Since C++14 (it might be C++11, i'm not sure), zero initialization happens on class construction on certain conditions, depending on the way the constructor is called. Is there a way to ensure a raw value field (let's say a pointer) is never zero initialized ?

I guess not because it seems that zero initialization happens at the class level and not at the field level (surely a kind of memset(this, 0, sizeof(TheClass)) ), but I'm still hoping there is way, a hack, something...

The idea is to be able to initialize a field before a placement new is called so that that member is available during construction time.

Answer 1

According to cppreference's take on zero initialization :

If T is an non-union class type, all base classes and non-static data members are zero-initialized, and all padding is initialized to zero bits. The constructors, if any, are ignored.
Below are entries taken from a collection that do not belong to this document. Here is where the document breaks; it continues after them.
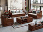 风华绝代 新中式 印尼金花梨木框架+多层实木板贴皮+布艺 紫檀色 1+2+3+茶几+边几+电视柜(六件套) 沙发组合¥23286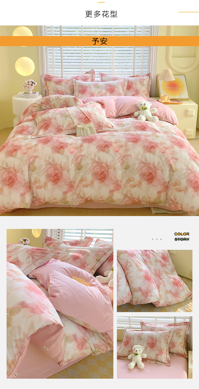 (总)星期三家纺 2025年8月新款铂金全棉纯棉13372四件套,花韵-粉,眷恋,蓝茵花,浪漫蝴蝶,莫奈,桃之夭夭,婉尔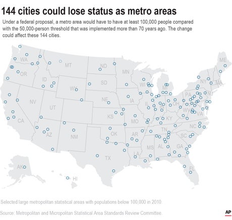The request comes after The Associated Press reported this month that the federal government is contemplating raising the population criteria for core cities in metro areas from 50,000 residents to 100,000 residents. Doing so would reclassify more than a third of the current 392 metro areas as micropolitan statistical areas.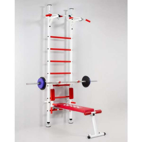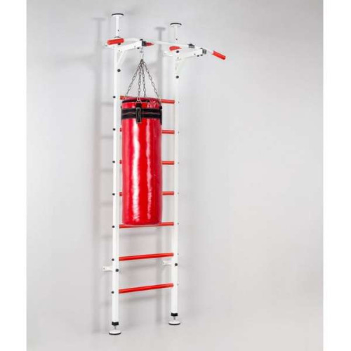 Шведская стенка Торнадо – основным преимуществом является наличие кольца для груши. Комплект поставки включает в себя брусья с подлокотниками и спинкой из полиуретана, перекладину, усиленную металлическими вставками которые расположены под наклоном в 45 градусов, это дает возможность совершать удары по боксерскому мешку с любой силой, скамейку, поверхность которой выполнена из поролона покрытого кожзамом.Технические характеристики:

If your object is a victim of zero initialization you're out of luck. And every object with static or thread local storage duration will always be zero initialized (except for constant initialization).

Answer 2

Is there a way to ensure a raw value field (let's say a pointer) is never zero initialized ?

It is possible, yes.

If the class is trivially default constructible, then simply default initialise the object, and its members will be default initialised as well:

int main() {
    T t; // default initialised

If the class is not trivially default constructible, you can write a user defined constructor that leaves the member uninitialised (note that doing this is generally discouraged):

struct S {
    int member;
    S(){} // member is left default initialised

Warning: With a user defined constructor, the member would be left default initialised even if the object is value initialised.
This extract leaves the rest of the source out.